It is UC Santa Barbara tradition for students to fling tortillas onto the field after a goal during home soccer games, a custom that will undoubtedly continue into Saturday’s match against rival Cal Poly.

In the immediate aftermath of Saturday’s game, though, students might also expect to see a UCSB library employee on the field collecting the tortillas as she has done at every home game for almost a decade.

Margaret Rankin describes herself as someone who has been reducing, reusing and recycling “before those words were ever known.” She recalls going to a soccer game at Harder Stadium about seven years ago and seeing the field laden with several hundred pounds of tortillas.

She naturally began to question their fate and soon learned that field staff disposed of them in the landfill dumpster.

“It was such a waste; to just send them to the landfill is just appalling,” she said. “I thought, ‘If they’re going to continue this, then let’s do something about it that’s actually helpful.’”

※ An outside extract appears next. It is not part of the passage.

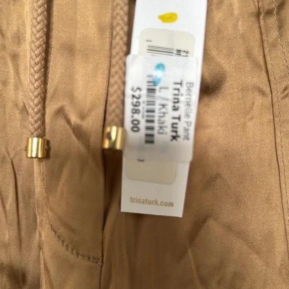 Womens trina turk Brown/khaki satin jogger Pants size large NWT

The librarian first asked UCSB Athletics if she might take the tortillas to add to her own backyard compost operation. She later decided to collect the tortillas for on-campus composting.

Associated Students Recycling (ASR) partnered with her shortly after and supplied designated tortilla bins for her to wheel over to their on-campus composting facility just a couple hundred feet from the stadium.

According to Sarah Siedschlag, the A.S. environmental programs advisor and former ASR program coordinator, the A.S. Department of Public Worms, formerly a part of ASR, had been composting the tortillas in their worm bins when she came in as coordinator in fall 2012.

The mass of tortillas proved “too much for the worms,” she said, and so the program opted to have the tortillas industrially composted off-campus in fall 2013.

Tortilla-flinging began in 1995 during an ESPN-televised basketball game against DePaul University when the student section threw tortillas on the court after the first basket. The tradition was adopted for soccer matches about a decade later.

The flying tortillas were especially problematic during basketball games; officials whistle any object thrown onto the court as an automatic technical foul for the home team, giving a free throw to the opposing team. Known as the “tortilla technical” in the 1990s, the tradition once cost UCSB three technical fouls in a close game against Pacific University in 1997, prompting former head coach Jerry Pimm to take a microphone and plead that audience members act more like adults.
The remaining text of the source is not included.